На прошлой неделе я получил открытку с изображении красивой девушки (но мне ее изуродовали), пальто и рубашку – спасибо. Никакой перемены в моем положении не произошло. Как и раньше, время тянется однообразно. Я читаю, учусь, бегаю из угла в угол по моей камере, стараюсь не думать ни о настоящем, ни о близком будущем. Самое худшее – это ожидание чего-то, вызывающее чувство пустоты, похожее на чувство, которое испытываешь, когда в ненастье где-нибудь в захолустье в пустом сарае часами ожидаешь поезда, с той лишь разницей, что здесь ожидать приходится месяцами, годами.
А когда видишь пустые белые стены, желтую дверь, окно с решеткой, когда слышишь, что за дверью ходят, хлопают дверьми, открывают их и закрывают, а за окном слышишь голоса, смех людей, а иногда играющих детей, – с непреодолимой силой возвращается это чувство ожидания: вот сейчас должны открыть и мою дверь, войти и… нельзя выразить словами, образами того, что затем должно произойти. Это жажда жизни, свободы.
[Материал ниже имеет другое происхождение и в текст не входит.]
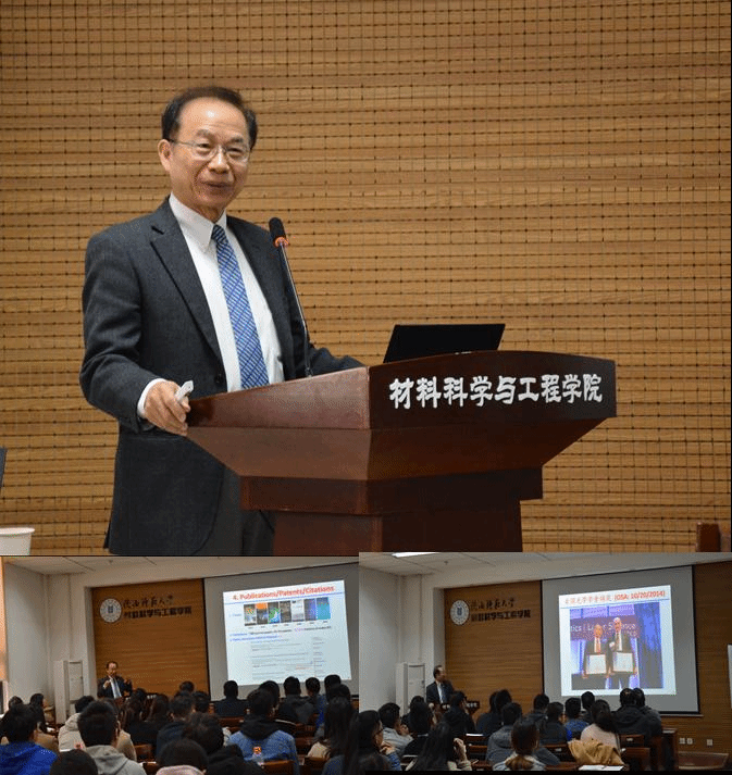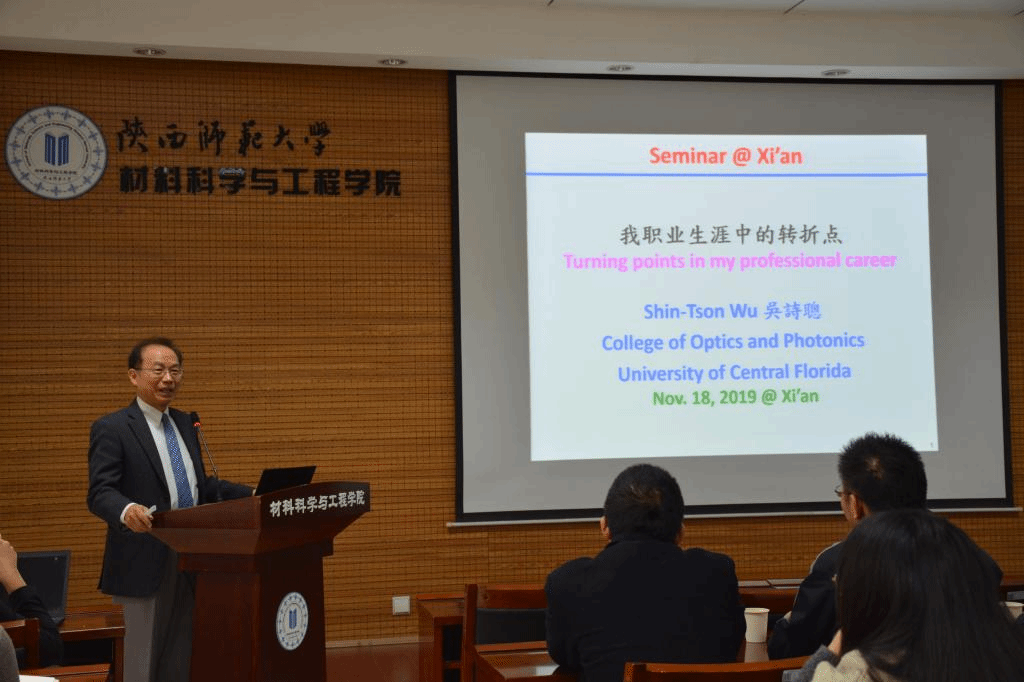 2019年11月18日上午,公司邀请了美国中佛罗里达大学吴诗聪教授在致知楼2307会议室为广大师生作了题为“我职业生涯中的转折点”的学术报告。公司陈新兵教授、安忠维教授、陈沛教授、高斐教授、沈淑坤副教授,西安近代化学研究所和西安彩晶光电科技股份有限公司的研究人员及本校研究生参加了本次报告,本次报告由安忠维教授主持。

Трудно бороться с этим чувством. Я себе внушаю, повторяю тысячу раз: ведь это моя комната, моя квартира, но, когда смотрю на эти голые стены, никакое внушение не может помочь. Я сажусь тогда за стол, беру книжку и читаю или смотрю на открытки, и когда не вижу уже камеры, а перед глазами – лишь этот уголок, то чувство ожидания исчезает.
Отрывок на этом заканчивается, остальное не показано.